On 30 September 2016, the Supreme Court of Appeal (“SCA”) dismissed an appeal brought by SITA against Gijima regarding the validity of an Agreement (Agreement) entered into between SITA and Gijima. Leading up to this judgment by the SCA are the following:
● Gijima instituted a claim against SITA for monies that it had been short paid in regard to services rendered by Gijima to SITA under the Agreement.
● The matter went to arbitration and in its plea, SITA raised as a defence that a proper procurement process had not been followed and that accordingly Section 217 of the Constitution had not been complied with. Accordingly the Agreement was to be declared void. The issue of whether or not the Arbitrator had jurisdiction to decide on the validity of the Agreement was argued and the arbitrator found that only a court could decide on the validity or otherwise.

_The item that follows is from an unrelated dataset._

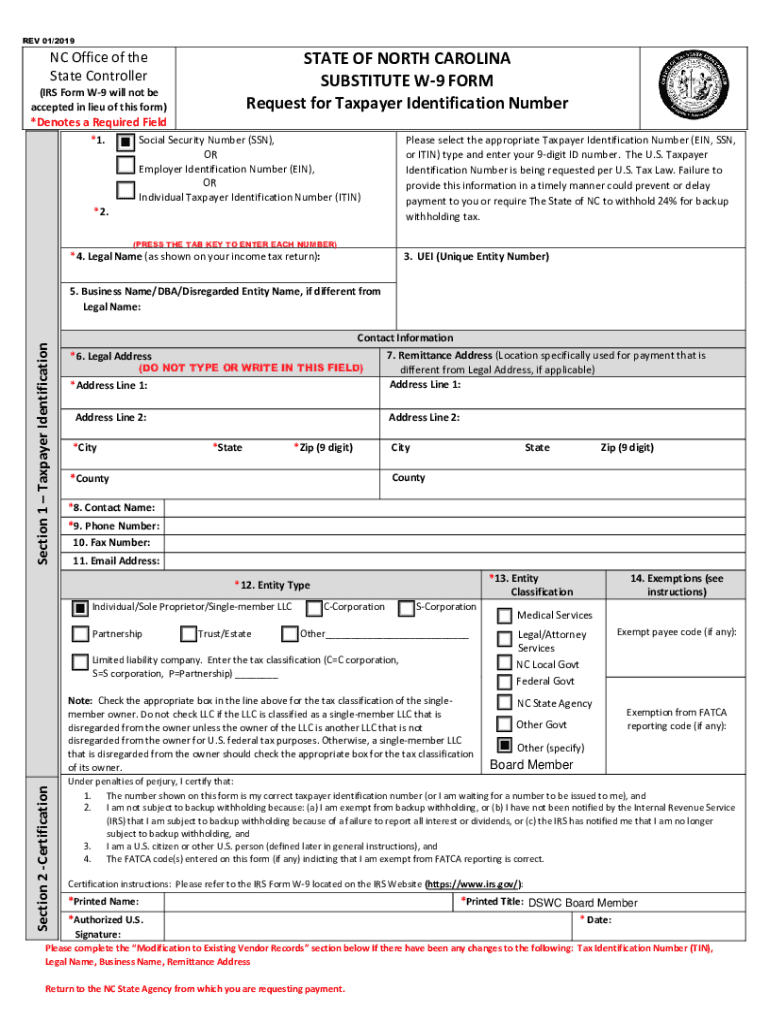 REV 01/2019STATE OF NORTH CAROLINA SUBSTITUTE W9 FORM Request for Taxpayer Identification Number NC Office of the State Controller(IRS Form W9 will not be accepted in lieu of this form)*Denotes a

●As a result, SITA brought an application to the High Court (North Gauteng) to set aside the Agreement on the grounds that it was constitutionally invalid. This matter was argued on 19 November 2014 and the Court ruled in Gijima’s favour, dismissing the application together with the costs of two counsel.
● SITA subsequently applied for leave to appeal against the judgment, which was granted on 22 June 2015.
● The matter was enrolled for argument before the Supreme Court of Appeal in Bloemfontein on 30 August 2016. The central issue of debate was whether the contract between SITA and Gijima fell within the definition of administrative action as contemplated in the Promotion of Administrative Justice Act 3 of 2000 (“PAJA”) and consequently whether SITA was obliged to comply with PAJA in seeking to set aside the Agreement.
● In summary, the SCA found that PAJA applies when an organ of state seeks to set aside its administrative actions. When PAJA does apply, litigants are not entitled to bypass its provisions and rely directly on the constitutional principles of legality. It was further found that even if this case was approached as a legality review, SITA had failed to place facts before the court to overcome the hurdle of the unreasonable delay in commencing proceedings against Gijima.
● The SCA found in Gijima’s favour.
Gijima is relieved that the issue of the validity of the Agreement, has been resolved in its favour by the Supreme Court of Appeal. Gijima feels it is unfortunate and regrets that SITA, at the time, decided to litigate against Gijima when we were victims of SITA’s processes. For a few years, because of this unfortunate legal matter, Gijima suffered prejudice as many in the media wrote unfounded allegations of unlawful tender award to Gijima. We fully realise that the matter will now be returned to arbitration for final resolution, but we are hopeful that SITA and Gijima can find a way of closing this chapter of litigation to both parties’ satisfaction, within the foreseeable future.
Gijima has a long standing relationship with SITA as one of the founder service providers to SITA and we look forward to continue working closely with SITA’s new management in delivering quality services to SITA and its clients.